Monday, August 17, 2015

Frail Bodies, Strong Singers at Any Age

These days you rarely hear singers who sing with true VOCAL FREEDOM in the commercial arena. Instead you hear singers who blast and push and force their voices for years until they have finally done so much damage to their voices they are forced into retirement, never to return to the stage.

This is not so with singers who studied carefully to achieve VOCAL FREEDOM in the Bel Canto way of singing. When asked to sing publicly years after their retirement from professional life in their frail and elder years they can sing yet with great majesty and expressiveness. Their health may be leaving them, but their ability to sing comes from their depth of spirit, which is as strong as ever!

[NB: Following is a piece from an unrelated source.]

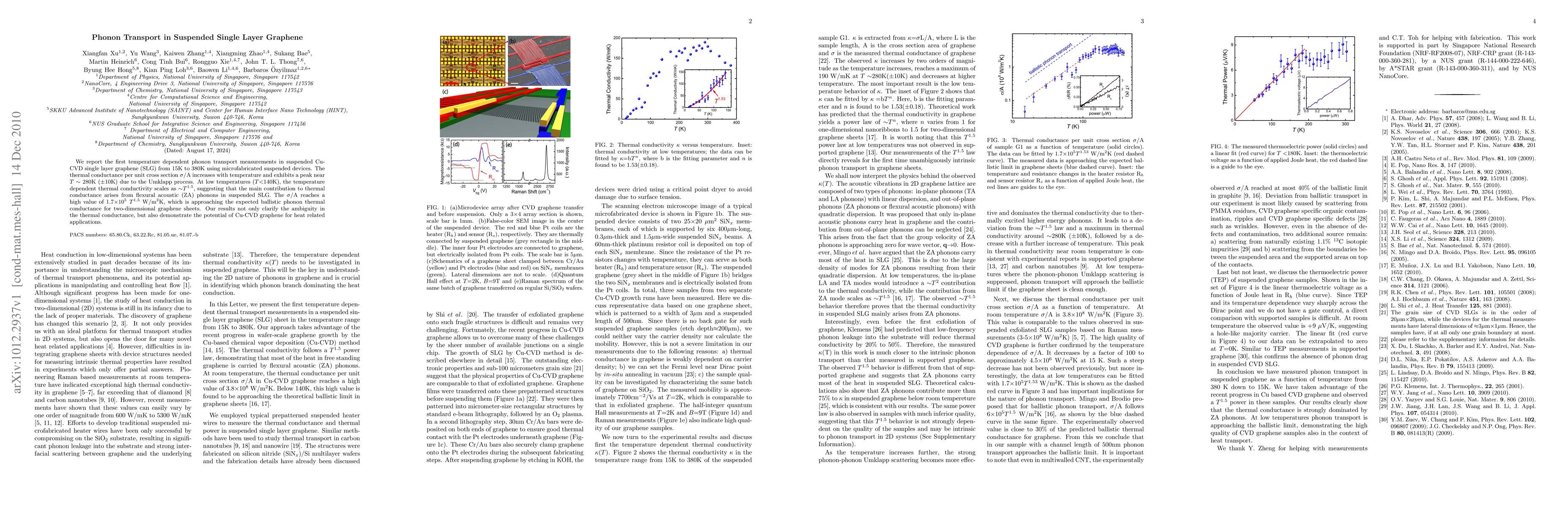 The paper presents the first temperature-dependent phonon transport measurements in suspended single-layer graphene, revealing the dominant role of flexural acoustic phonons in low-temperature heat conduction and approaching ballistic thermal conductance at room temperature.
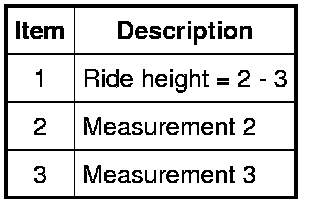 3. Subtract measurement 3 from measurement 2 to obtain the rear ride height.

My associate teacher in the Bel Canto House School of Singing Edwin Williamson had the great honor of visiting Anna-Lisa Bjorling, the widow of Jussi Bjorling, at her home in the year 1994. She showed him the room which Jussi kept aside for his singing, which contained the various regalia, medals, certificates and other mementos that been awarded to him by the presidents and royalty in the countries where he had performed, and she told him of her memories of singing together with Jussi.

Then Edwin asked Mrs. Anna-Lisa Bjorling to sing for him. At first she was reluctant, saying "Oh, it’s been such a long time since I have sung..." But Edwin began to sing Puccini’s "O mio babino, caro" and she instantly joined in with him. Edwin is a witness to the fact that she sang perfectly well even though she had long since retired. This is an experience that Edwin will fondly carry in his memory for the rest of his life.

Another great Bel Canto singer named Tito Schipa made his operatic debut in Vercelli, Italy in 1909 at age twenty. He had an impressive career singing all over the world including the Met in New York City and in several films. He sang professionally for fifty-five years. Even in his seventies he was able to fill the great opera arenas with his tenor voice which was always subtle, light and fully expressive. The last concert he gave was in 1962 in New York. The critics at that concert gave wonderful accounts of his performance. Recordings of that concert are still in publication, and I recommend to you to get a copy and hear it for yourself.

The Croatian-born soprano Zinka Milanov enjoyed a certain degree of fame and success in her younger years, though her voice tended to be somewhat shrill. However, she did not fully come to maturity in her singing voice until she was in her forties. Her later work is a clear example of true VOCAL FREEDOM, and her wonderful interpretations of Verdi and Puccini roles earned her a place in history as one of the best dramatic sopranos of her day.

When she retired from The Met in 1966, Milanov took up teaching on a full-time basis. In an interview with Etude magazine in the early 1940's she said: "I love to sing for my students. I love to demonstrate for them." (She used her own voice when she taught– not the piano.) She also said that she loved to sing for her plants and her flowers. When asked what makes a singer great, she answered: "Those who work hardest at their art."